Further, only one form of presentation of a Score (a number between 1 and 10) was used in the interviews for orientation purposes. This representation was chosen because ratings are the current standard for reputation systems in many areas of the sharing economy (Stevens and Bossauer, 2020; Ert et al. 2016; Ye et al. 2009). Regarding our prototype, our work is limited due to the fact that a prototype evaluation is just a study of ’what might be’ (Salovaara et al. 2017). Accordingly, there is a need to validate our findings in a real-world application scenario.

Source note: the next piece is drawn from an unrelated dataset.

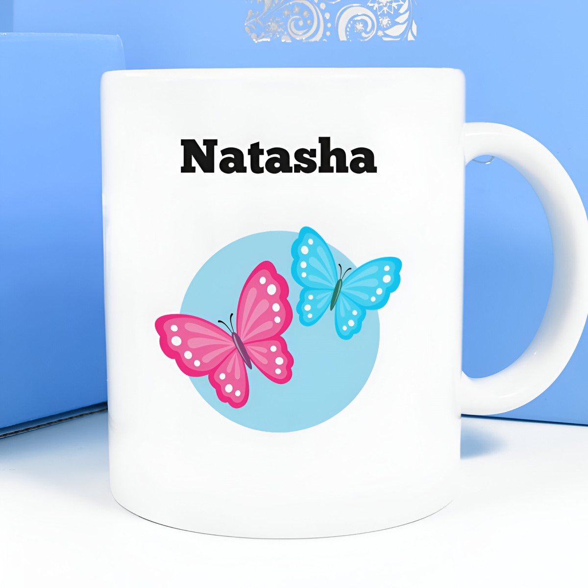 This personalised butterfly mug is a beautiful gift suitable for the home or office. Give it a personal touch by adding any name of your choice.

Developing a model for an AI was not the goal of this work, even though conjectures for a possible category system were made. No concrete model is used in this paper, so no model of measurement and evaluation for an Artificial Intelligence is given. In the paper, the participants assume a normative evaluation, so that the categories correspond to normative assessments. Therefore, in the context of a classification model of an artificial intelligence, the question arises how and which classes are generated and how the data flow into these classes. This can lead to conflicts of interest between humans and artificial intelligence, which need to be examined in more detail in future research.

7 Conclusion

The sharing economy has experienced a veritable boom in recent years. Many sharing models have emerged as a consequence. In our study, we focused on P2P carsharing which depends on the trust that needs to be built between peers. Sharing platform providers therefore make use of reputation systems, which address trust by sharing information between peers. A new form of trust-building on P2P sharing platforms can be algorithm-based reputation systems. To bring people closer to the benefits of algorithm-based reputation systems, they need to gain an intuitive understanding of their functional principle.

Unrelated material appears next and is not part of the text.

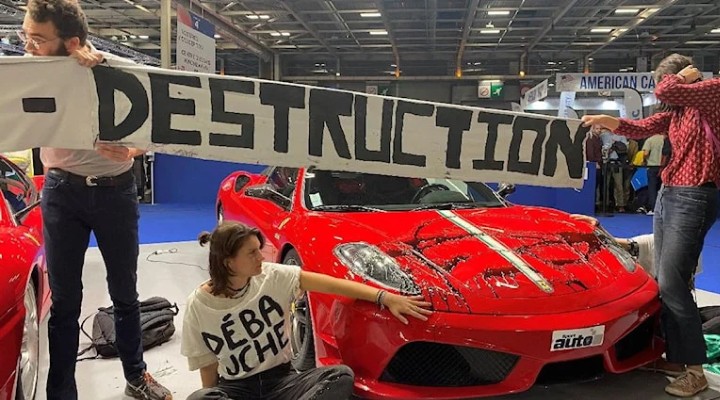 Fransa’da dün ak?am “Extinction Rebellion” adl? çevreci gruba üye aktivistler, Uluslararas? Otomobil Fuar?’nda eylem yapt?.

Based on 16 interviews in our pre-study, we gave insights into how people think such scores work and how they should be designed for a better understanding. In a second step, we developed a prototype of an algorithm-based reputation system for P2P carsharing based within a co-creation workshop. The evaluation with 12 participants shows that people mostly understand an algorithm-based reputation systems (Driving Score) in the context of P2P carsharing as a kind of digital monitoring of driving behavior. The results of the pre-study as well as the evaluation indicate that algorithm-based reputation systems can indeed support trust-building. It was also confirmed by the evaluation participants that a drill-down of a score considerably increases the benefit of it and thus promotes trust. Further, the possibility of weighting preferences within the scoring parameters as well as feedback for the implications of different parameter values would support system intelligibility and therefore also trust in technology Stevens and Bossauer (2020). Nevertheless, the existing literature on biases caused by algorithms and a corresponding biased reality can also be confirmed. Algorithm-based reputation systems are not free of biases, especially in the case of unpredictable events such as strong braking maneuvers to prevent rear-end collisions. Here, our study confirmed that certain tolerance limits and also the inclusion of the driver’s perspective, e.g., through a individual statement in certain situations, are necessary for a reasonable evaluation. Such scenarios have to be considered in the design of the interaction between the users and the algorithm-based systems and fair mechanisms have to be incorporated (Harper, 2019; Rouvroy, 2013). In future work, we want to explore algorithm-based reputation systems in a real-world application and other scenarios, e.g., selecting a Uber driver for a ride. Furthermore, there is a need to extend our understanding of algorithm-based reputation systems for reducing discrimination in real-world situations.